PLA melt crystallization and stereocomplex formation enhancement by means of nucleation and plasticization
Sajjad Saeidlou, Michel A. Huneault, Hongbo Li, Chul B. Park, May 2013
Effect of the two crystallization enhancement strategies, i.e. nucleation and plasticization, which are commonly used to promote polylactide (PLA) homocrystallization was investigated on the stereocomplex formation between poly(L-lactic acid) (PLLA) and poly(D-lactic acid) (PDLA). The goal was to enhance the kinetics and yield of stereocomplex formation from the melt for future applications in PLA melt processing. Blends with 5% PDLA with nucleating agent and/or plasticizer were prepared via melt-blending and characterized by differential scanning calorimetry (DSC) technique. Results suggest that combination of nucleation and plasticization is very effective in simultaneous enhancement of stereocomplex formation and homocrystallization.
An Investigation of Vibration-Assisted Injection Molding Manufactured Polymer Material and The Effect of Molecular Orientation on Biodegradation Activity
Qi Li, John W. Rodgers, John P. Coulter, May 2013
Molecular orientation is a polymer property directly affected by the method in which it was processed. Both amorphous and crystalline sections of a polymeric part can be oriented through the use of a specialized injection molding process known as Vibration-Assisted Injection Molding (VAIM). By changing the molding process parameters, different levels of molecular orientation can be achieved. Polymer samples with various levels of molecular orientation will present different mechanical and chemical properties. Biocompatible polymer parts containing tailored levels of molecular orientation may broaden the use of such substrates for tissue engineering applications. Some persuasive results obtained at the end of this study denoted that the modified molecular orientation could influence the degradation manner of PLA specimens. Based on this investigation, it appears that specimens with higher levels of molecular orientation have an enhanced tensile strength along the orientation direction and these samples are more resistant to hydrolysis, indicated by a slower degradation rate.

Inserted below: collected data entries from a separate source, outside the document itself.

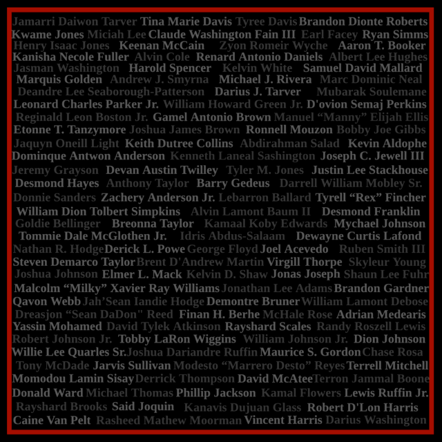 January. 2020. Jamarri Tarver, 26, Las Vegas, NV. Tyree Davis, 25, Chicago, IL. Tina Marie Davis, 53, Spring Valley, NY.Brandon Dionte Roberts, 27, Milford, DE. Kwame Jones, 17, Jacksonville, FL. Miciah Lee, 18, Sparks, NV. Claude Washington Fain III, 47, Philadelphia, PA. Earl Facey, 37, New York, NY. Henry Isaac Jones, 47, Bainbridge, GA. Ryan Simms, 49, Miami Beach, FL. Keenan McCain, 29, Gary, IN. Albert Lee Hughes, 47, Lawrenceville, GA. Renard Antonio Daniels, 55, Cocoa, FL. Mubarak Soulemane, 19, West Haven, CT. Samuel David Mallard, 19, Powder Springs, GA. Kelvin White, 42, Chesapeake, VA. Gamel Antonio Brown, 30, Owings Mills, MD. Darius J. Tarver, 23, Denton, TX. Reginald Leon Boston Jr., 20, Jacksonville, FL. Michael J. Rivera, 32, Bloomingdale, NJ. Andrew J. Smyrna, 32, Atlanta, GA. Deandre Lee Seaborough-Patterson, 22, Savannah, GA. Marquis Golden, 29, St. Petersburg, FL. Joshua James Brown, 34, Columbus, OH. D’ovion Semaj Perkins, 19, Aurora, CO. William Howard Green Jr., 43, Marlow Heights, MD. Jaquyn O’Neill Light, 20, Graham, NC. Keith Dutree Collins, 52, Raleigh, NC. Abdirahman Salad, 15, Columbus, OH.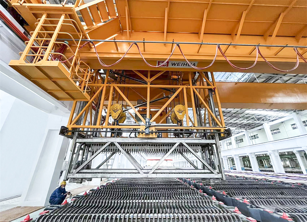 作为该产品最大亮点的铜电解专用吊具,用于阴(始极片)、阳极板的自动出、装槽作业,具有功能多、自动化程度高、绝缘可靠、性能稳定等优势。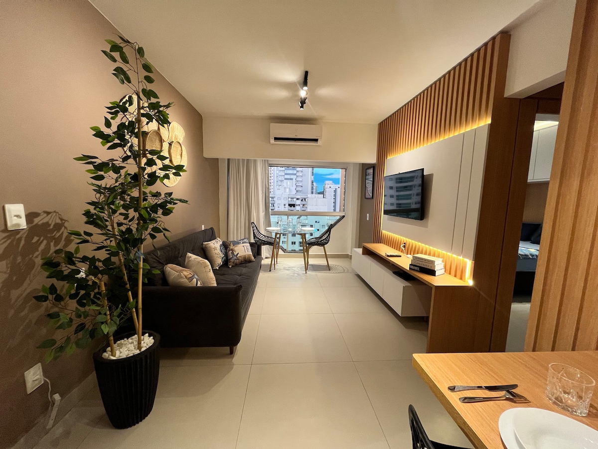 Amusez-vous avec toute la famille et les amis dans cet endroit plein de style. Appartement soigneusement conçu avec un projet architectural et luminotechnique pour votre meilleur confort et des journées incroyables. L'espace a été entièrement pensé et créé pour que vous ayez le confort et tous les éléments nécessaires pour un séjour parfait, que ce soit pour des vacances, du repos ou du travail, pour que vous vous sentiez chez vous. Situé à Barra Sul, l'un des quartiers les plus branchés et animés de la ville, également connu sous le nom de « Dubaï brésilien ». .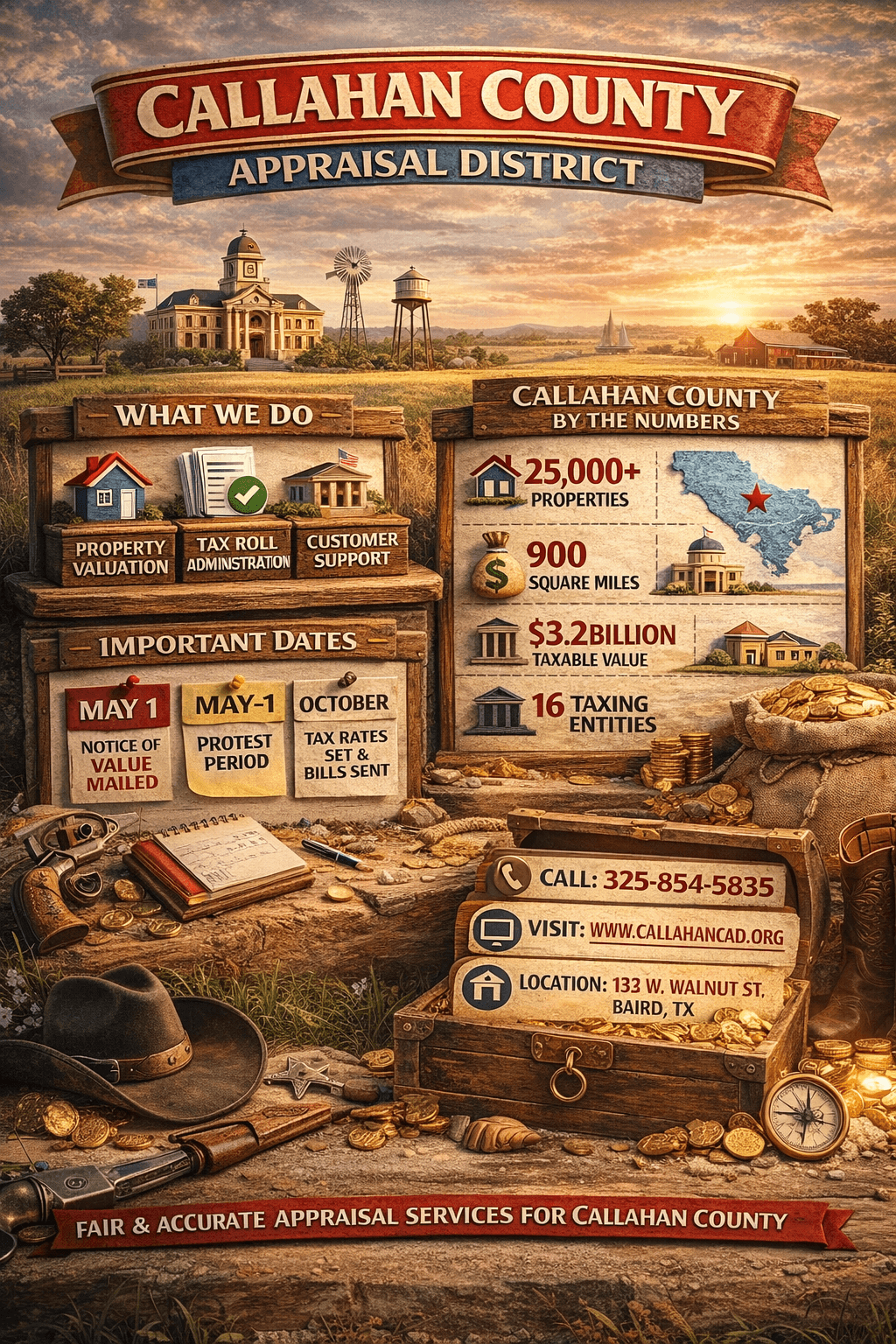 Callahan CAD appraises your property value, but actual taxes are collected by the Tax Assessor-Collector.
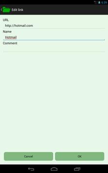 Program for storage links to favorite sites and pages regardless of the browser. Allows you to add links manually, as well as from third-party applications. You can open it in your default browser, as well as any available. You can also send links through the available messengers. You can search for text in the title and in the comments.

Validation of an Analytical Method to Estimate the Bulk Melt Temperature from In-Mold Temperature Data
Gabriel A. Mendible, Stephen Johnston, May 2013
An analytical method for estimating the bulk melt temperature in the injection molding process by means of in-mold temperature sensors data has been validated. The method was evaluated for experimental data and data acquired with a computer simulation of the process. The simulation considered the heat flux and heat accumulation throughout the cycle in the mold. For the simulation, a full 3D model of the mold geometry was developed. Most trends correlated for both simulated and experimental data; however, the magnitude of the predictions varied due to the sensitivity of the analysis to the parameters.